*** Opening of Materials provided ***

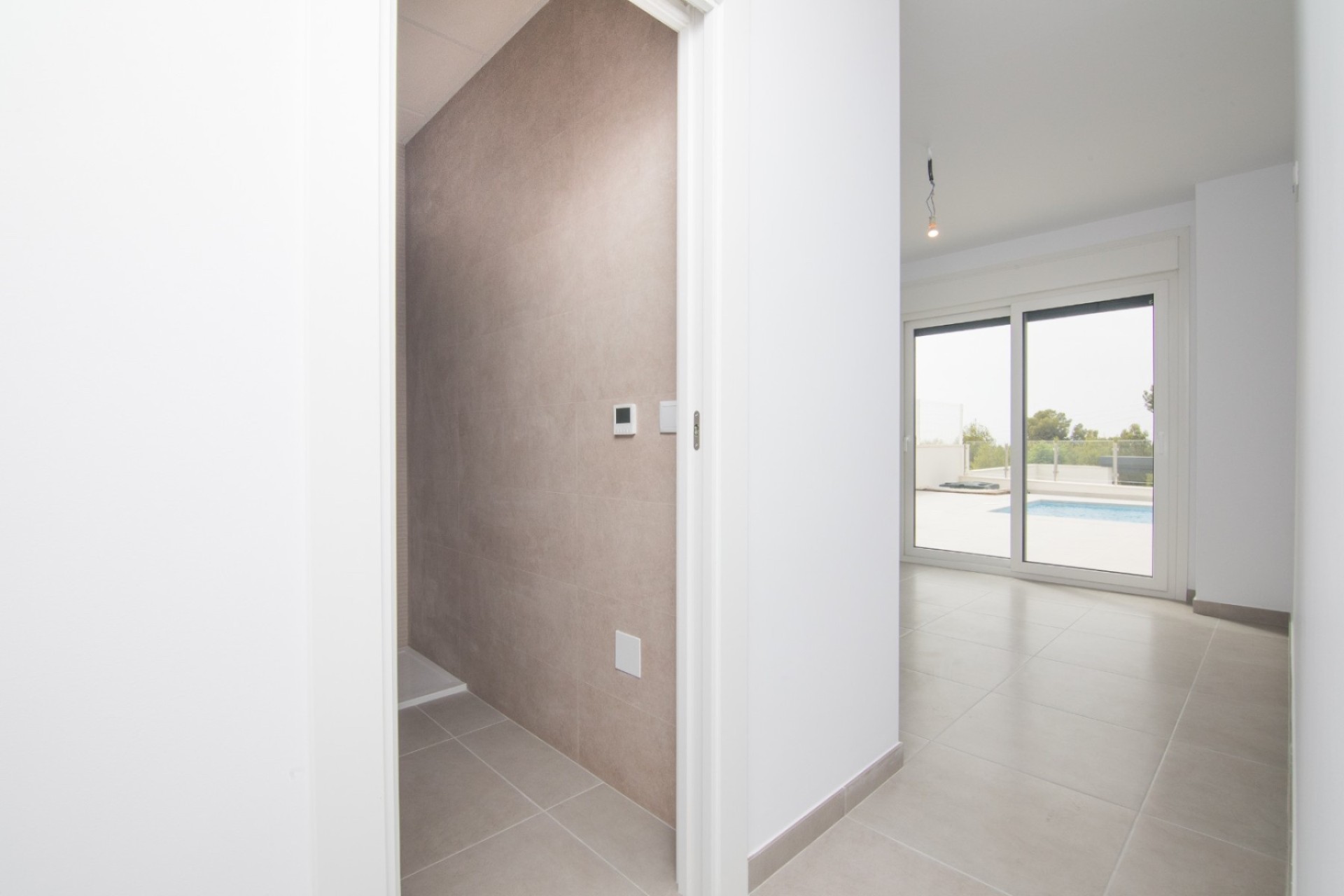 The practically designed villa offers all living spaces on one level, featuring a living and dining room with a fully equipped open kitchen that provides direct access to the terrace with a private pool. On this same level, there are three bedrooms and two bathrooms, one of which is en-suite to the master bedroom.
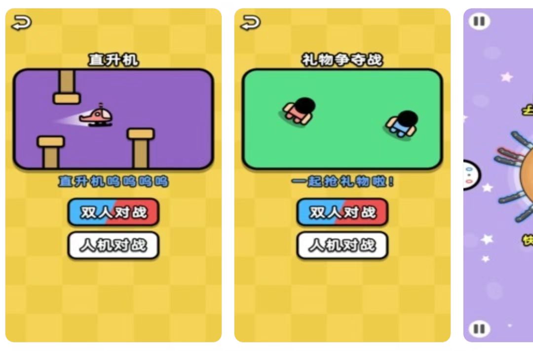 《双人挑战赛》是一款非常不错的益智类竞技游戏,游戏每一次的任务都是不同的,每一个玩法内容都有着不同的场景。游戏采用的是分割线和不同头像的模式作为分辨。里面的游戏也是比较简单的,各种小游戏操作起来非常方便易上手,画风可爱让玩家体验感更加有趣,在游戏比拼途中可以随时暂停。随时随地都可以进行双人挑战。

*** Close of Materials provided ***
*** Opening of Materials provided ***

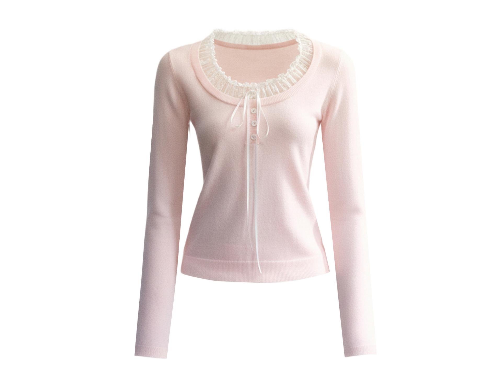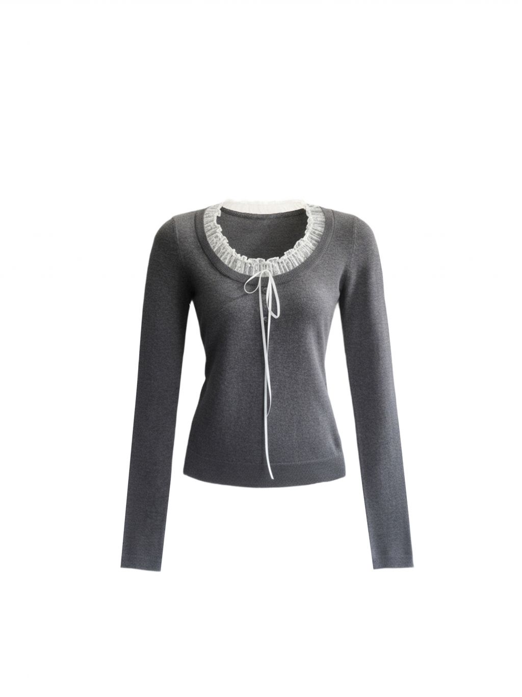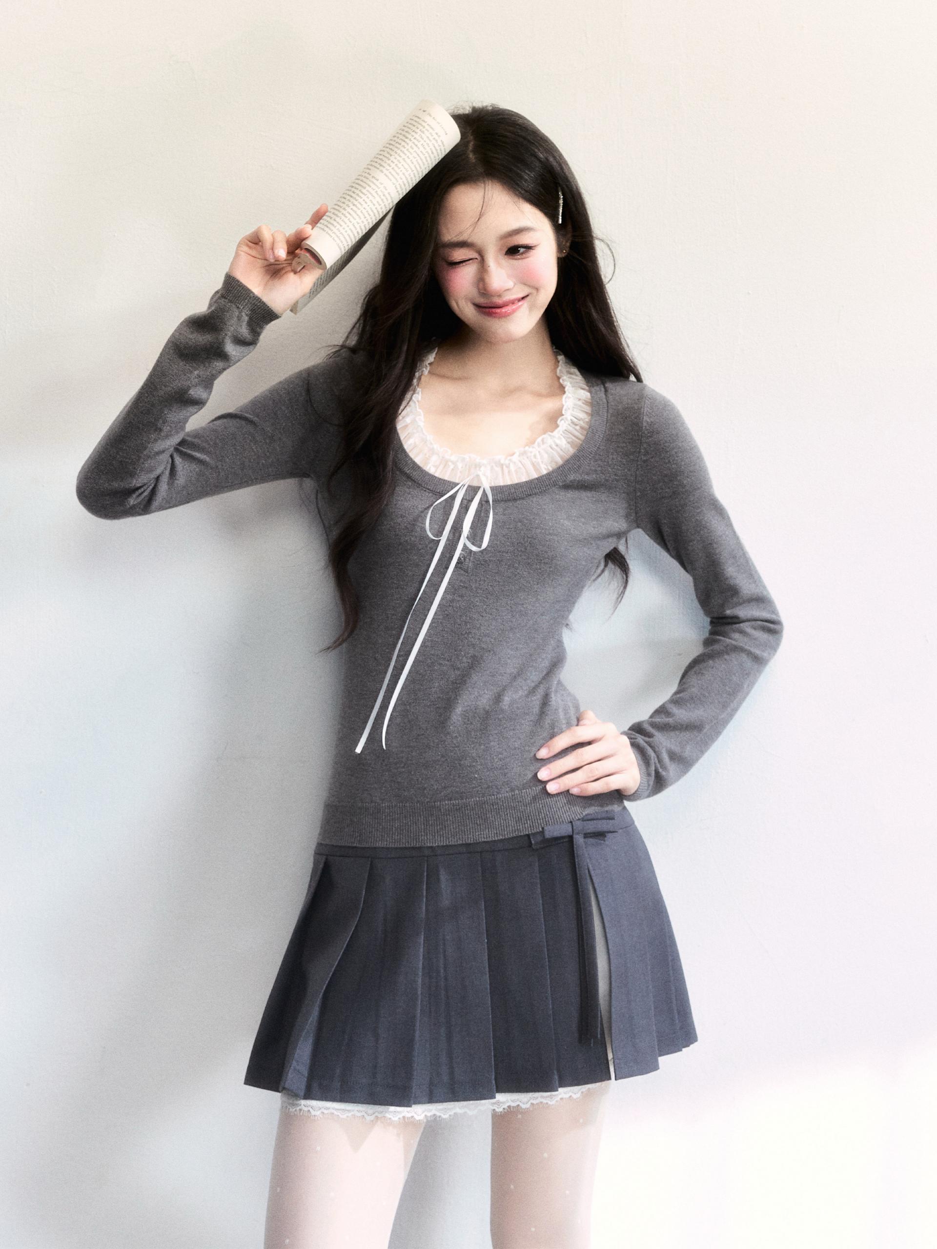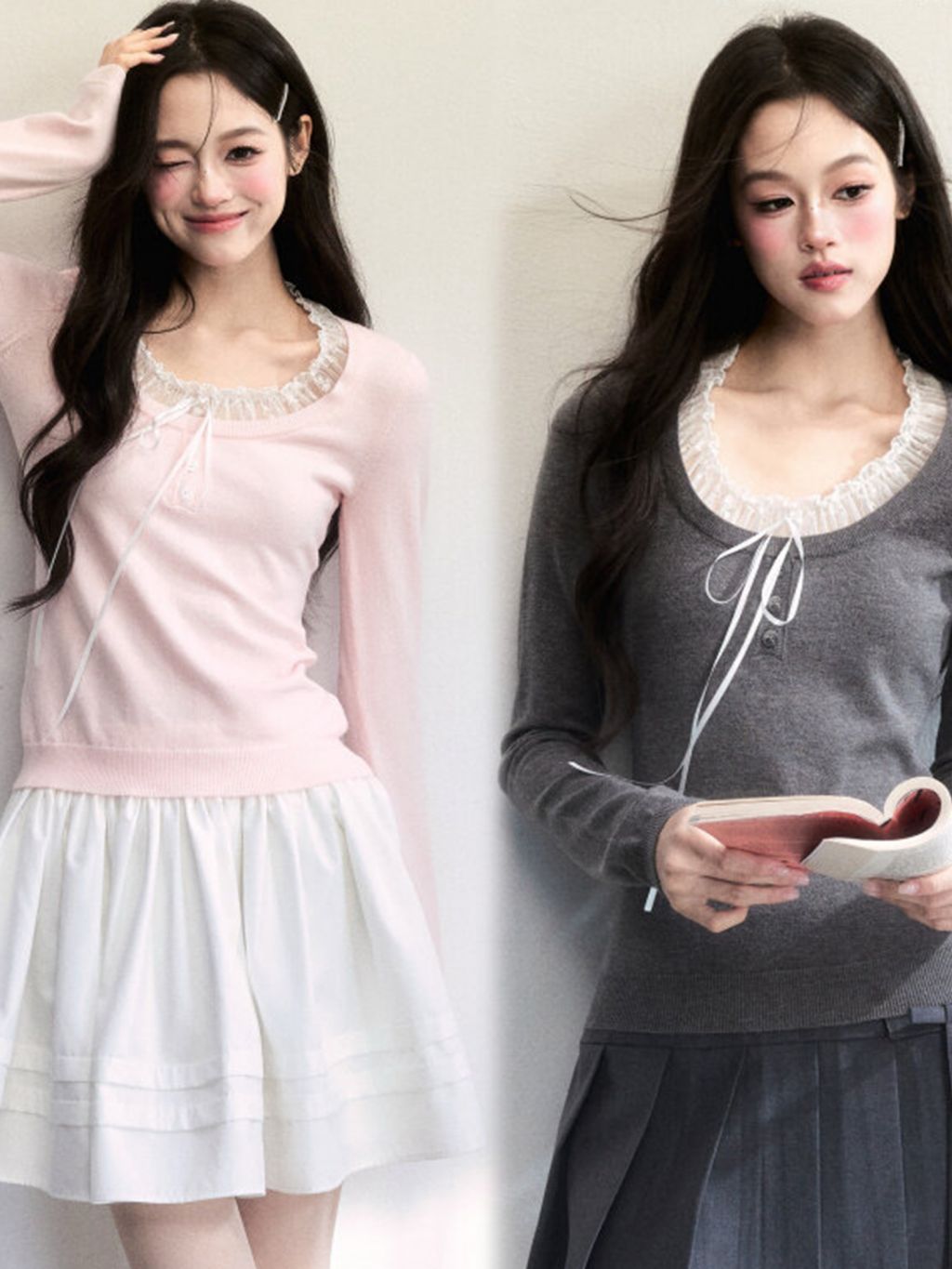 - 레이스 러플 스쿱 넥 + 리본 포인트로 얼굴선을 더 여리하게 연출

*** Close of Materials provided ***
*** Opening of Materials provided ***

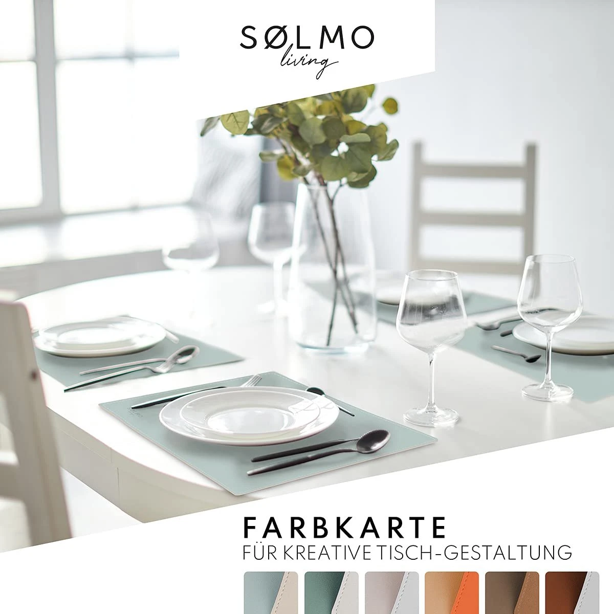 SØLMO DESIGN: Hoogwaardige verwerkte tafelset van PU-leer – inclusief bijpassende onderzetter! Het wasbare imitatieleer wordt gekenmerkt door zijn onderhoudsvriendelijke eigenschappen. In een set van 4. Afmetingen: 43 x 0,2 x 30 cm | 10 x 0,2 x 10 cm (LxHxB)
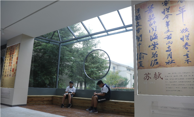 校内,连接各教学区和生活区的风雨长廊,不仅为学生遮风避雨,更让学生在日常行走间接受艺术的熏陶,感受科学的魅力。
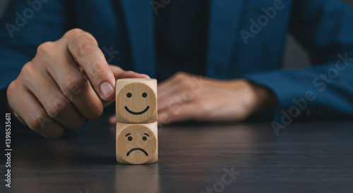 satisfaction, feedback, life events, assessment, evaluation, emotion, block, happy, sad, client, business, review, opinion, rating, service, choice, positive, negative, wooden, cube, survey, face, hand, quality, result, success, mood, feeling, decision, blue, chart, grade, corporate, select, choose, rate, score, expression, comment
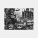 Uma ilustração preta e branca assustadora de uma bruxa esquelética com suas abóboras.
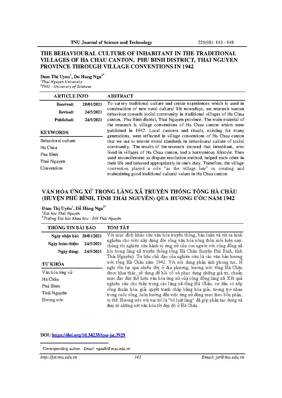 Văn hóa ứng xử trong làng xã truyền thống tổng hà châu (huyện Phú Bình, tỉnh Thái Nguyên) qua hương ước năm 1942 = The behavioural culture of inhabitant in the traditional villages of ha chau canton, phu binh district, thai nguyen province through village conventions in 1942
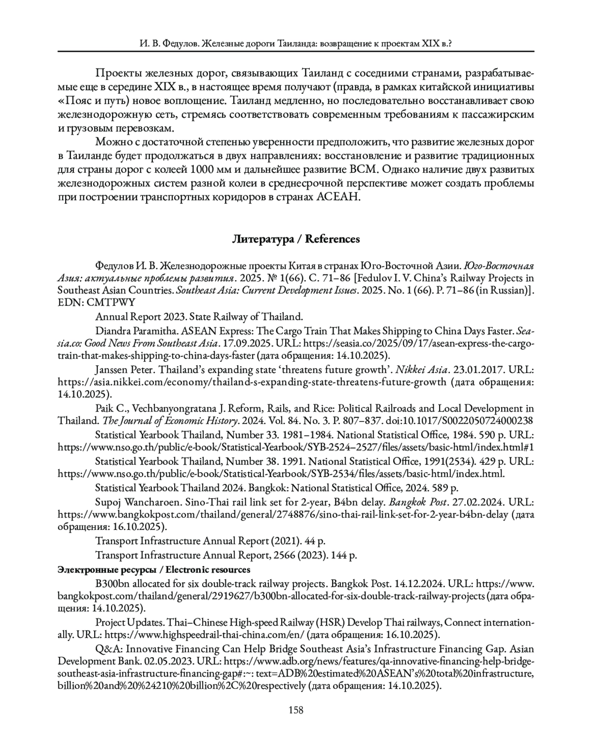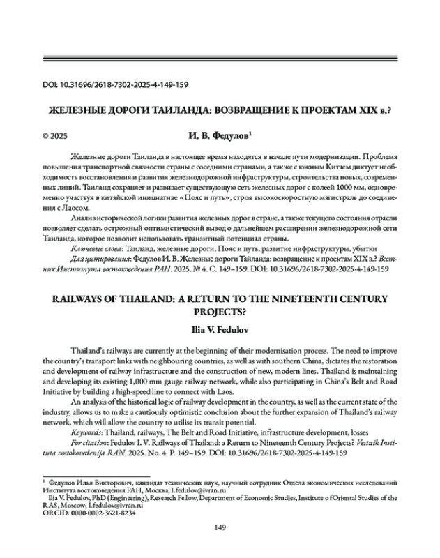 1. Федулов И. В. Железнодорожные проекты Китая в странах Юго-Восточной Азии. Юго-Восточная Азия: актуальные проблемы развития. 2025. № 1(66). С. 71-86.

*** Close of Materials provided ***

Problem description
In the entries above, find the line with "Văn hóa ứng" and the line with "1. Федулов И.". Return exactly those lines and all the ones between them, pictures excluded.

Answer space
 Văn hóa ứng xử trong làng xã truyền thống tổng hà châu (huyện Phú Bình, tỉnh Thái Nguyên) qua hương ước năm 1942 = The behavioural culture of inhabitant in the traditional villages of ha chau canton, phu binh district, thai nguyen province through village conventions in 1942
 1. Федулов И. В. Железнодорожные проекты Китая в странах Юго-Восточной Азии. Юго-Восточная Азия: актуальные проблемы развития. 2025. № 1(66). С. 71-86.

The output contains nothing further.